The whole Google Play experience is awful.

Recent things I've had to do:

1) Re-submit an app after it was rejected and labelled a gambling app (it wasn't even close - a 15 second look by a real human would have seen that. This one was even appealed and the support was utterly useless. I ended up changing one word and re-submitting the app, approved no problem.

2) An existing app, in the Play store for years but a nice app - only about 500 installs.

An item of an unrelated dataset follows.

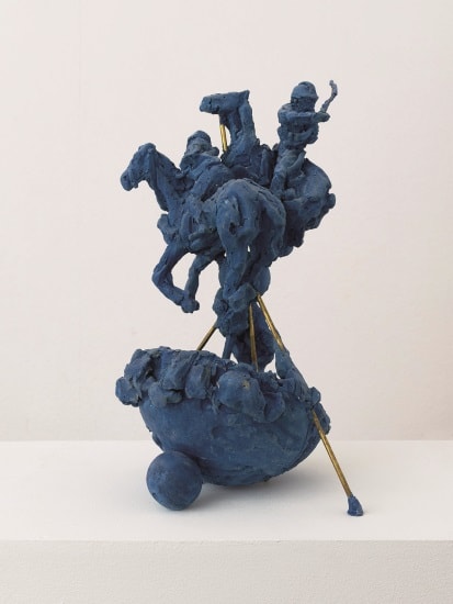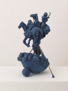 Bei Lucy Teasdale hängen Fotos aus Zeitungen und Handskizzen an der Atelierwand, eine Ideensammlung für eventuelle neue Skulpturen. An diversen kleinen Tonformen kann man den Fortgang ihrer Überlegungen verfolgen, Möglichkeiten einer skulpturalen Umsetzung werden getestet bevor die Arbeit am größeren Format beginnt. Skizzen und Vorformen dienen höchstens noch als Anhaltspunkt, die Skulptur wächst aus sich heraus. Man spürt die Begeisterung der Künstlerin für Energie und Bewegung von Körpern, die Überspannung dieser wird immer wieder in ihren Arbeiten getestet.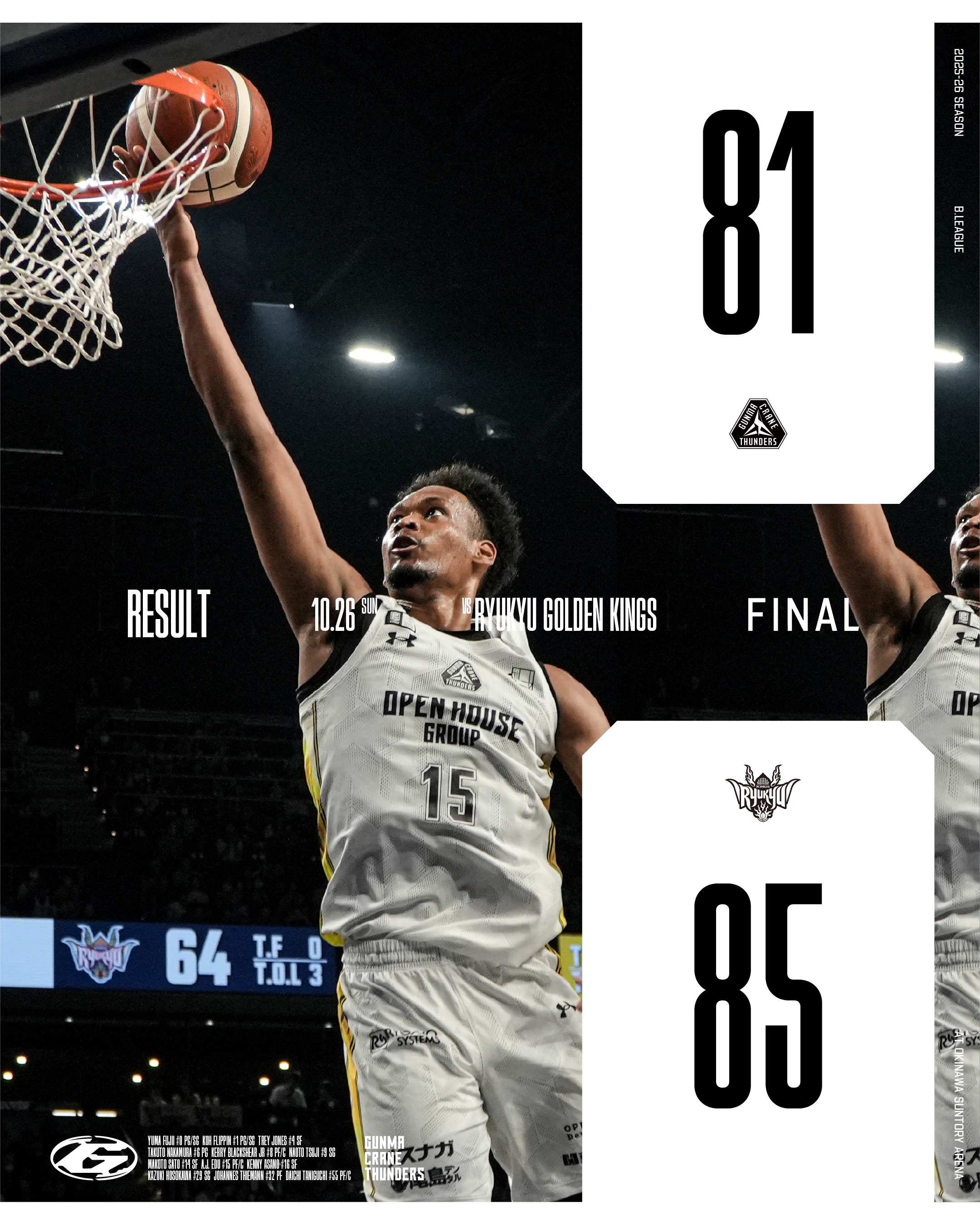 【群馬クレインサンダーズ:試合結果】10/26(日) vs 琉球ゴールデンキングス りそなグループ B.LEAGUE 2025-26シーズン

I had to submit a new version for no reason whatsoever... Except to keep the customers developer account active.

Those are just issues I've dealt with in the last month or two.

Every single time, Google Support is completely useless - including the appeals process, which is an absolute joke.

umvi 5 hours ago | parent | next [-]

Not to mention if you made one app in college and then didn't keep up with the SDK updates, Google perma-closes the entire Play account such that the only way to publish a new app is by creating a brand new gmail account

Dwedit 5 hours ago | parent | next [-]

Forcing people to keep up with SDK updates is a bad thing in itself. Let people target the earliest possible feature set and make the app run on as many phones as possible rather than showing scary messages to people due to targeting an older API.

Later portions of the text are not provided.